The US can hardly be regarded as anything other than a duplicitous peril to India’s integrity and autonomy. It only cares for Indian manpower, and infrastructure facilities as a signal to China for a highly unlikely actual military engagement with it, while the contours of their condominium are defined to the accompaniment of militarised tensions. India’s growing middle class market and its technically skilled domestic manpower are an important subsidiary additional attraction for the US. India has become a destination for outsourcing production of US consumption needs for digital services, with or without temporary rights of presence for Indians in the US for delivery. But virtually open war has been declared against India by US government agencies like USCIRF, its shameless arms-length media proxies and a malicious American academia.

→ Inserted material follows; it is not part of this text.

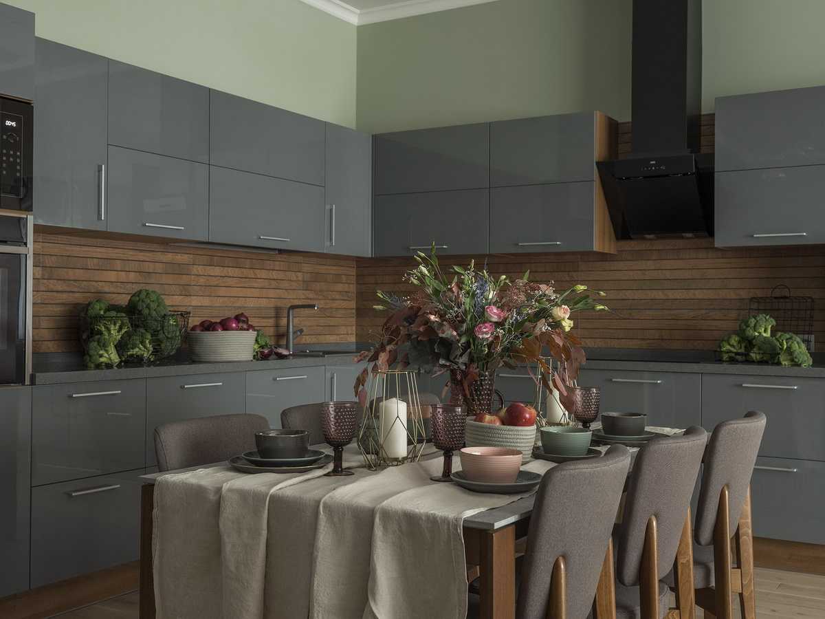 Если говорить об комбинации с серым цветом, тогда стоит оформить полы, фасады, или плитку в зеленом, а стены и мебель сделайте серыми оттенками. Именно такая гармоничность использования поможет создать современный дизайн вашей кухни.

The US refurbishing Pakistani F-16s while its national military planning, including nuclear strategy, are fully integrated with China’s war plans against India, is nothing short of treachery. This episode will no longer be dismissed as minor, as some in India have done, if China helps arm Pakistani F-16s with advanced missiles and India’s border standoff with China turns into real combat. The abiding US attempt is regime change in the hope of implanting the kind of accommodating political elite every other US ally is apt to become. If there are any doubts, the willingness of Europeans to contemplate national suicide to comply with US injunctions over the Ukraine should be a wake-up call for complacent Indians.

India’s new-found intimate friend, France, is ruthless in calculating national interest and immediate advantage though there is an absence of any obvious conflict between their respective contemporary national goals. But the bonhomie is essentially actuated by Indian purchase of French military hardware that lowers the average cost of exorbitant R&D commitments through larger production runs that exports to India allow. The rationale of overdone Israeli solicitude for India is not dissimilar since nothing apparently holds back its global cosmopolitan intellectual elite from unsparing attacks on India and its civilization, from the sanctuary of media houses and by vicious academics in the West. Both countries have relatively small markets for their own defence output and exports are an essential aspect of reducing average costs and ensuring affordability for domestic use. One only hopes the evident cynicism underlying the dynamics of the situational logic of their relationship with India has dawned on its own decision-makers.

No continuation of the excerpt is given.